The module requires both flax and tensorflow (for XLA backend support).
Usage
Use this module to save and serve Flax/Linen models within BentoML. Suitable for JAX-based ML workflows involving image classification, NLP, or any task where Flax models are trained.
Code Reference
Source Location
- Repository: Bentoml_BentoML
- File: src/bentoml/_internal/frameworks/flax.py
- Lines: 1-323
Signature
def get(tag_like: str | Tag) -> bentoml.Model: ...
def load_model(bento_model: str | Tag | bentoml.Model,
init: bool = True,
device: str | XlaBackend = "cpu") -> tuple[nn.Module, dict[str, Any]]: ...

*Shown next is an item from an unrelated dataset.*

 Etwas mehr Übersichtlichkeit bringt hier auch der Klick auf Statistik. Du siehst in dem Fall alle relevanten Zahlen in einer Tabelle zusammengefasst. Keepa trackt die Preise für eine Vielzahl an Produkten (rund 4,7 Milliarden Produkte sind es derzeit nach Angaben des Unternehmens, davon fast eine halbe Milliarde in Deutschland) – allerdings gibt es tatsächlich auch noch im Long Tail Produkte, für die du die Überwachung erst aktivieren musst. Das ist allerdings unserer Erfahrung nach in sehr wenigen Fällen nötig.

def save_model(name: Tag | str,
module: nn.Module,
state: dict[str, Any] | FrozenDict[str, Any] | struct.PyTreeNode,
*, signatures: ModelSignaturesType | None = None,
labels: dict[str, str] | None = None,
custom_objects: dict[str, Any] | None = None,
external_modules: List[ModuleType] | None = None,
metadata: dict[str, Any] | None = None) -> bentoml.Model: ...

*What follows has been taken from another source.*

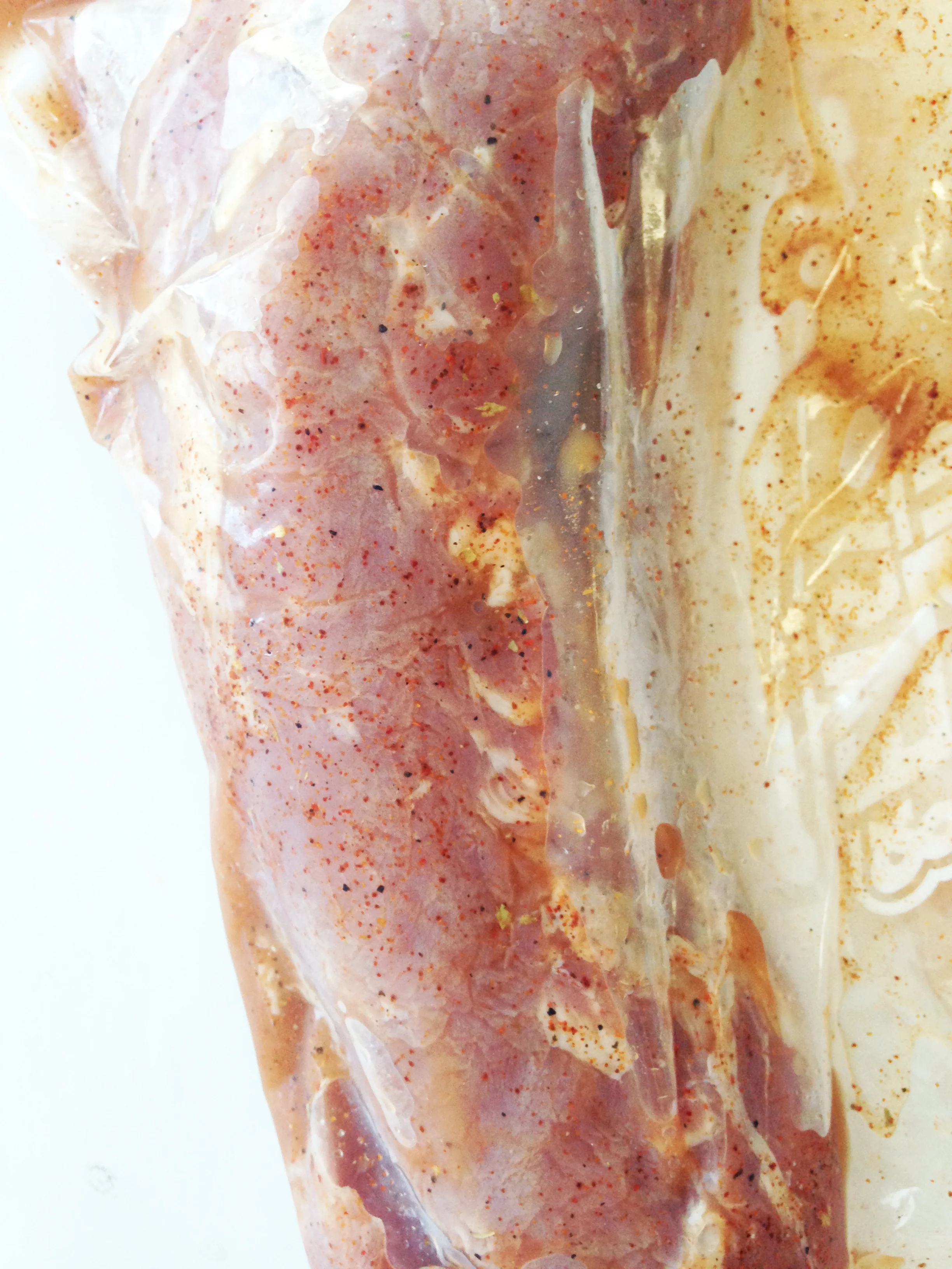 Once marinated, remove the pork from the bag and discard the remaining marinade.

def get_runnable(bento_model: bentoml.Model) -> type[bentoml.legacy.Runnable]: ...
Import
import bentoml
# Via public API
model = bentoml.flax.save_model(...)
module, state_dict = bentoml.flax.load_model(...)
I/O Contract
Inputs
save_model()
| Name | Type | Required | Description |
|---|---|---|---|
| name | Tag or str | Yes | Name/tag for the model in the BentoML store |
| module | flax.linen.Module | Yes | The Flax Linen module to save |
| state | dict, FrozenDict, or PyTreeNode | Yes | The model state dictionary (params, batch stats, etc.) |
| signatures | ModelSignaturesType or None | No | Inference method signatures (default: {"__call__": {"batchable": False}}) |
| labels | dict[str, str] or None | No | User-defined labels for model management |
| custom_objects | dict[str, Any] or None | No | Additional objects to serialize |
| external_modules | List[ModuleType] or None | No | Additional Python modules to save alongside |
| metadata | dict[str, Any] or None | No | Custom metadata for the model |
load_model()
| Name | Type | Required | Description |
|---|---|---|---|
| bento_model | str, Tag, or Model | Yes | Tag or Model instance to load from the store |
| init | bool | No | Whether to convert state to jnp.ndarray (default: True) |
| device | str or XlaBackend | No | Device to place parameters on when init=False (default: "cpu") |
Outputs
| Method | Return Type | Description |
|---|---|---|
| save_model() | bentoml.Model | A BentoML Model with the saved Flax module and state |
| load_model() | tuple[nn.Module, dict] | A tuple of (Flax module, state dictionary) |
| get() | bentoml.Model | The BentoML Model reference from the store |
| get_runnable() | type[Runnable] | A FlaxRunnable class supporting TPU/GPU/CPU inference |
Usage Examples
import bentoml
import jax
import jax.numpy as jnp
from flax import linen as nn
# Define a simple Flax model
class CNN(nn.Module):
@nn.compact
def __call__(self, x):
x = nn.Dense(features=256)(x)
x = nn.relu(x)
x = nn.Dense(features=10)(x)
return x
# Train and save
rng = jax.random.PRNGKey(0)
model = CNN()
params = model.init(rng, jnp.ones((1, 784)))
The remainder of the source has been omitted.